- **INPUT MATERIAL**
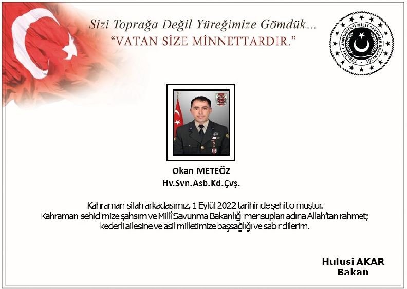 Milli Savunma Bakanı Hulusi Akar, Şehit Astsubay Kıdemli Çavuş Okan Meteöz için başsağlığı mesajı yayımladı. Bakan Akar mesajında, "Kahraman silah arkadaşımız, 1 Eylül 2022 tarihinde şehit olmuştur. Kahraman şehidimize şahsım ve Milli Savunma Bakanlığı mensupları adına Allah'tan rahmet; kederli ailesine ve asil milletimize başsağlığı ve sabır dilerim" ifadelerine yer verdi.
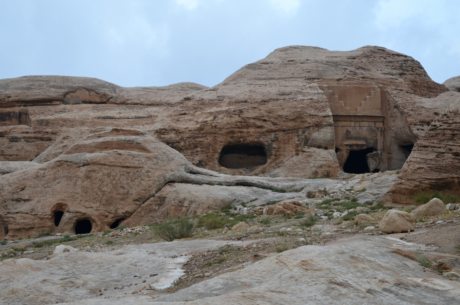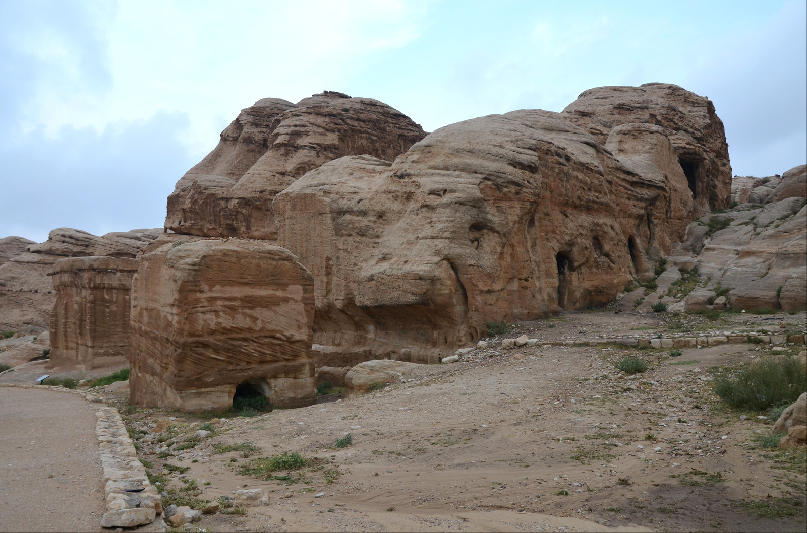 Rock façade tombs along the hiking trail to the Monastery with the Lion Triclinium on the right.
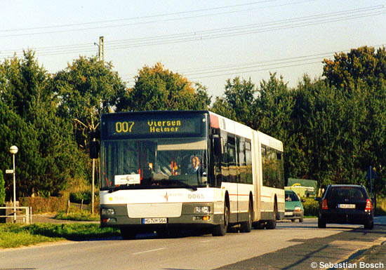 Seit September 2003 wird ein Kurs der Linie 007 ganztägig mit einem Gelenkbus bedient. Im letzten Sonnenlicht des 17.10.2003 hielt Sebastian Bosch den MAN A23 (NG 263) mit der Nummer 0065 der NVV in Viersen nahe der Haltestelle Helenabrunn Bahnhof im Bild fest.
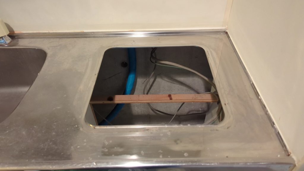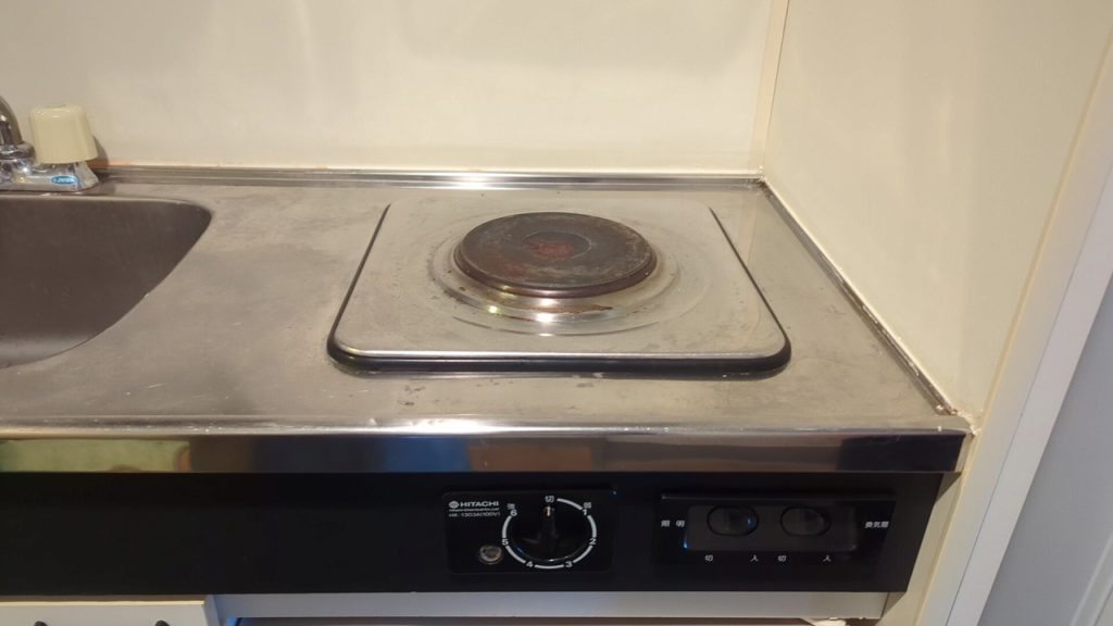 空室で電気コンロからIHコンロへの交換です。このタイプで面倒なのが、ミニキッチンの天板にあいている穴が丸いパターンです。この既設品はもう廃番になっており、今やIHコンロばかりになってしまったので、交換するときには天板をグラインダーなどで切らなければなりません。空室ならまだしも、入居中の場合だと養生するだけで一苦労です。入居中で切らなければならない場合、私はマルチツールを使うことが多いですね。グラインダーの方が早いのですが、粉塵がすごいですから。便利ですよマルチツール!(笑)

---

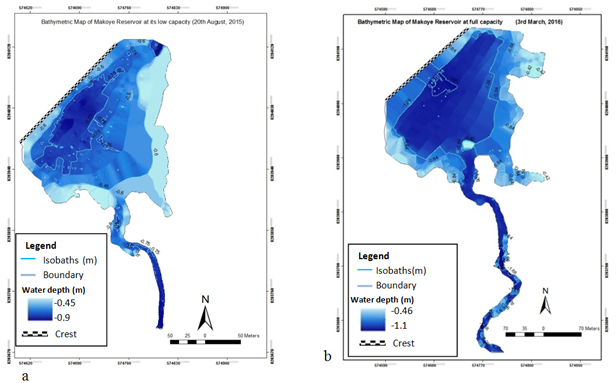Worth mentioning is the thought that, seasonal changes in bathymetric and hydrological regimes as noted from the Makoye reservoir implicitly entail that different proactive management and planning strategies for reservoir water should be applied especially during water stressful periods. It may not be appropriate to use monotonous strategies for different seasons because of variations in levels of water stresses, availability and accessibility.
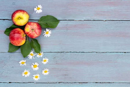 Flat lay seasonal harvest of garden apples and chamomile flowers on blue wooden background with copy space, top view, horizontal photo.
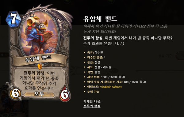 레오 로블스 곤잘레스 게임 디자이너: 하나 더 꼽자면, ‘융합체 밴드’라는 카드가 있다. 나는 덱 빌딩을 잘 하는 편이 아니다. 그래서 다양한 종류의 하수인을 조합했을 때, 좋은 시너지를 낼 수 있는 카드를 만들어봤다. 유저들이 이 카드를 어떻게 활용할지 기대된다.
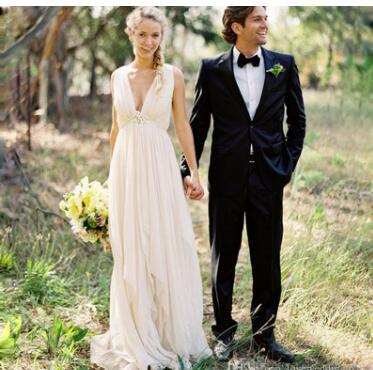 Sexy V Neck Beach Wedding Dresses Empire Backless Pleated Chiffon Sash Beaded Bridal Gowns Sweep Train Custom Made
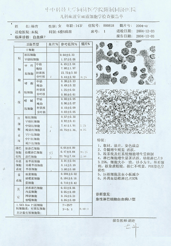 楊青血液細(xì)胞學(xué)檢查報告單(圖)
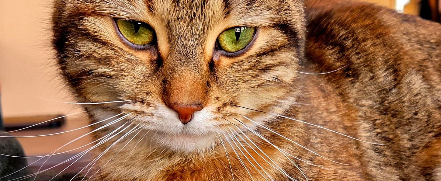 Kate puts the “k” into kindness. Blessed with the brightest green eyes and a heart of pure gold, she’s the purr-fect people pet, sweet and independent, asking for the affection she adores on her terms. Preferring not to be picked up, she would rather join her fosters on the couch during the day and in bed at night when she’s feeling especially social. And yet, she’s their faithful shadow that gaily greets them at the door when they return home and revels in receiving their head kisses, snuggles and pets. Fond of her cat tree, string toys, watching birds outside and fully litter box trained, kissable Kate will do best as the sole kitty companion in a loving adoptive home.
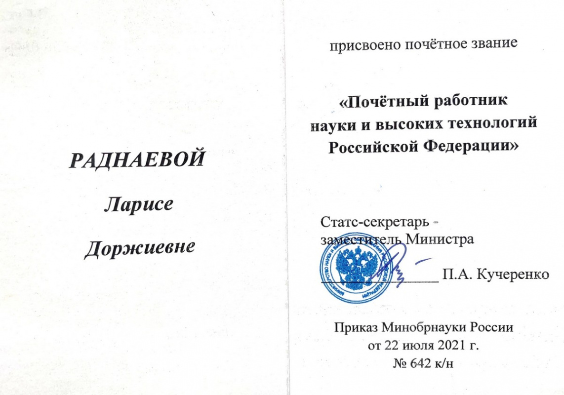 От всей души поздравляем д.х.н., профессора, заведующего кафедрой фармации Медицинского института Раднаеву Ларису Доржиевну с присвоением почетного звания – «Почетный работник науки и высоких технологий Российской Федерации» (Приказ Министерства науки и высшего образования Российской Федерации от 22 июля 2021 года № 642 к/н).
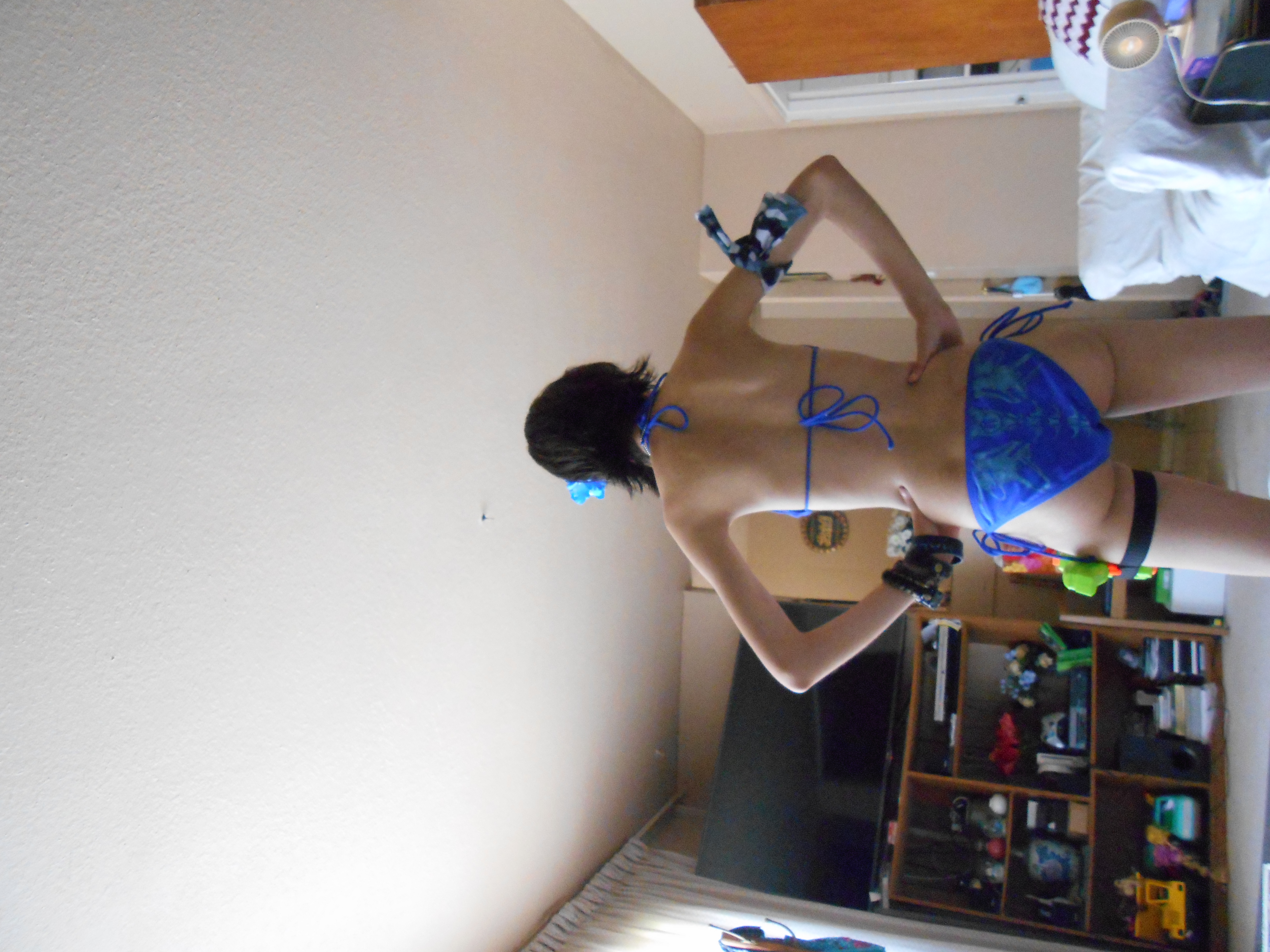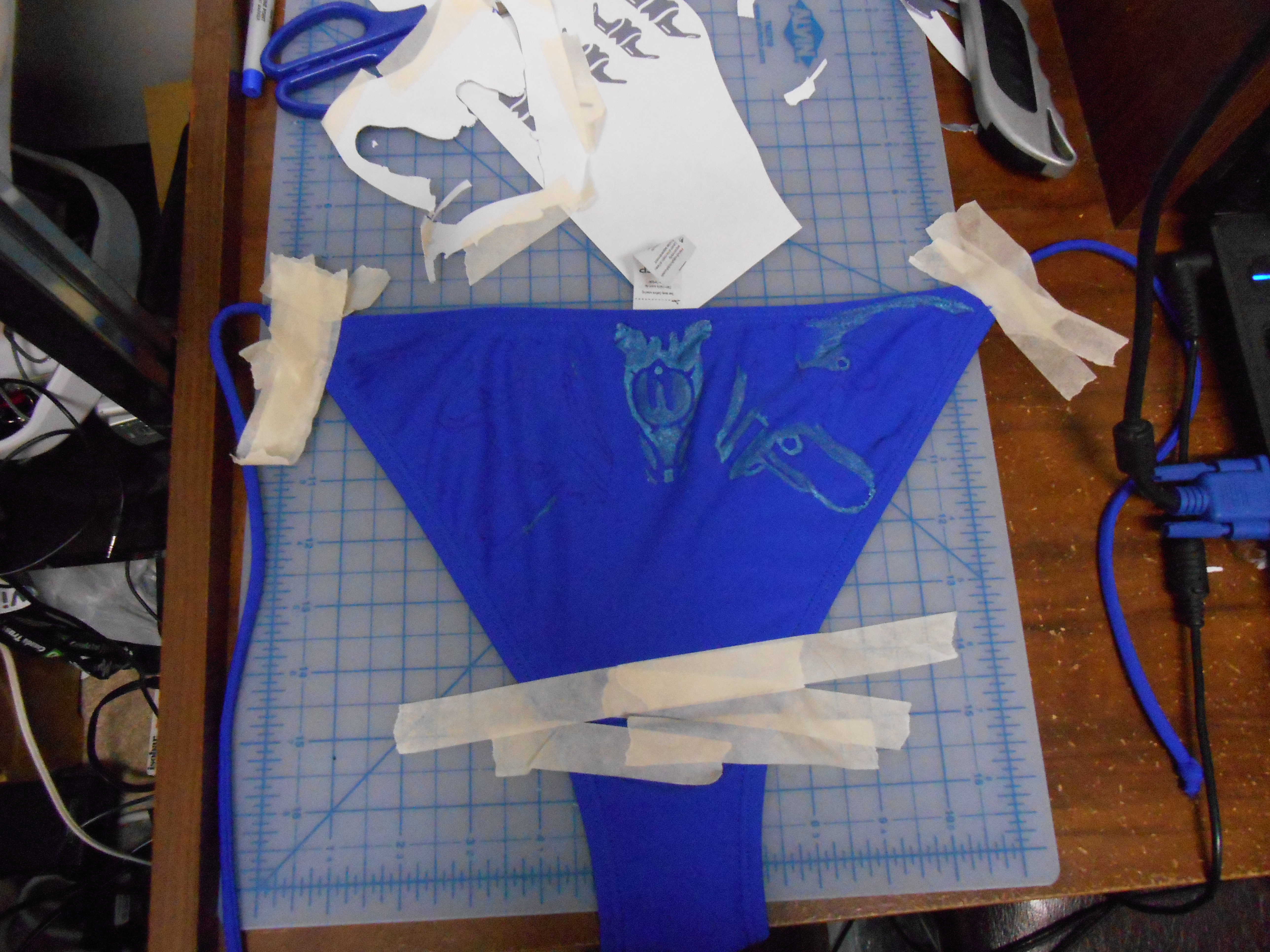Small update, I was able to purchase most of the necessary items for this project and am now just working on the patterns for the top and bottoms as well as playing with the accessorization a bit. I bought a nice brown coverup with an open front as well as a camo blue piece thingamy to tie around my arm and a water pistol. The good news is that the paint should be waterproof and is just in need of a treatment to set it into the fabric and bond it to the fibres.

- **PROBLEM TO SOLVE**
Starting at the line above with "Sexy V Neck", output every line exactly up to and including the line with "楊青血液細(xì)胞學(xué)檢查報告單(圖)", but none of the pictures.

- **SOLUTION**
 Sexy V Neck Beach Wedding Dresses Empire Backless Pleated Chiffon Sash Beaded Bridal Gowns Sweep Train Custom Made
 楊青血液細(xì)胞學(xué)檢查報告單(圖)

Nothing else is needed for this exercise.